The New Frontier for Data Management: Edge-Core-Cloud

Print Friendly, PDF & Email

By Eric Bassier, Quantum Corp.

internet connection safe

With the proliferation of IoT devices, sensors and robots spanning industries such as autonomous vehicles, manufacturing, surveillance, smart cities and healthcare, edge computing is creating vast amounts of unstructured data that will, at some point in its lifecycle, need to be centralized at the core or moved to the cloud. And as HPC and machine learning require more data than other types of workloads, edge-core-cloud data management is even more critical.

This presents organizations with complex data management challenges that must be overcome if they want to use their data in the most efficient way possible. However, thanks to technological advancements, organizations can follow several best practices to ensure they strike the right balance for storing and managing the data created.

Extracting More Value from Data

As the volume of data collected at the edge has grown, organizations’ storage requirements and priorities have shifted. For example, because edge sites are now so active, ensuring that the infrastructure is running on a secure environment has taken on newfound importance, guarding against ransomware and other cyber attacks. Along with the ability to move data to the cloud or core data centers for additional processing and long-term storage, organizations also need to take a smarter approach to data storage to ensure cost efficiency.
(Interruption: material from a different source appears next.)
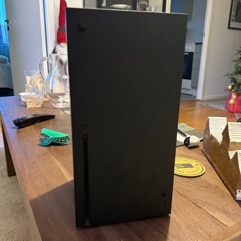 Säljer nu mitt Xbox Series X spelkonsol med tillbehör inklusive handkontroll och originalförpackning. Enhet avsedd för spel på Xbox-plattformen.

These challenges are supplemented by the growing need to apply AI and machine learning capabilities to the raw data as it’s collected. The need to analyze and learn from this data is accelerating the push to centralize unstructured edge data to wherever this compute power resides. This is particularly true in use cases that generate unparalleled amounts of machine and sensor data from a variety of sources.

Once data has been captured and initial analysis performed – either locally or in the cloud – consolidating data in a core data center means organizations can extract more value from their data and ensure that key information is shared across offices and teams. For example, within an organization, the APAC office might be working primarily with video content while the U.S. office might be working with telemetry data and the European office with another type of data. Instead of tying together these remote edge offices across a complex and expensive infrastructure, the organization can centralize the data from all three offices in one large data lake that’s accessible by all offices. The data can also be replicated either to the cloud or to a second and even third data center so that it’s highly protected in case of an outage. So, how can organizations go about putting this approach into action?

Centralizing Data Storage

The first consideration for organizations is whether data will be kept on-premises in the core or moved to the cloud. This will depend on business requirements. If data goes directly to the cloud, the organization will get the scalability and cost-efficiency benefits that comes with it.

However, there will also be constraints in terms of performance and SLAs. As such, we’re seeing many organizations adopt a hybrid approach that delivers the best of both worlds. Organizations can capitalize on the flexibility of the cloud while also enjoying the increased security and performance of on-premises for certain types of data.

In this new paradigm, data management becomes critical — for example, the ability of software to understand what type of data is being worked on and where it needs to go. These tools classify data and use policy-based automation to proactively move data to where it’s needed at that moment in time – for example, to a performance tier or to the cloud to leverage elastic compute resources. This same policy-based automation can also be used to protect and secure data based on compliance needs, or delete data after its defined useful life. By automatically placing data where it will be most effective, these tools enable organizations to improve process completion times, increase the number of projects per resource, reduce wasted effort, and improve cost efficiency.

Finally, organizations must take the time to understand how different processes and storage methods impact SLAs. Retrieving data from the cheapest storage option might take the longest amount of time, so there must be a balance between cost efficiency and the ability to access the right data when it’s needed.

Ultimately, it’s clear that the rise of edge computing is forcing organizations to reconsider how and where they process, store and manage all the unstructured data being generated. Although there are challenges, centralizing data can enable organizations to get the most out of their data in today’s world of ever-increasing data volumes.

Eric Bassier is senior director, products, at Quantum Corp.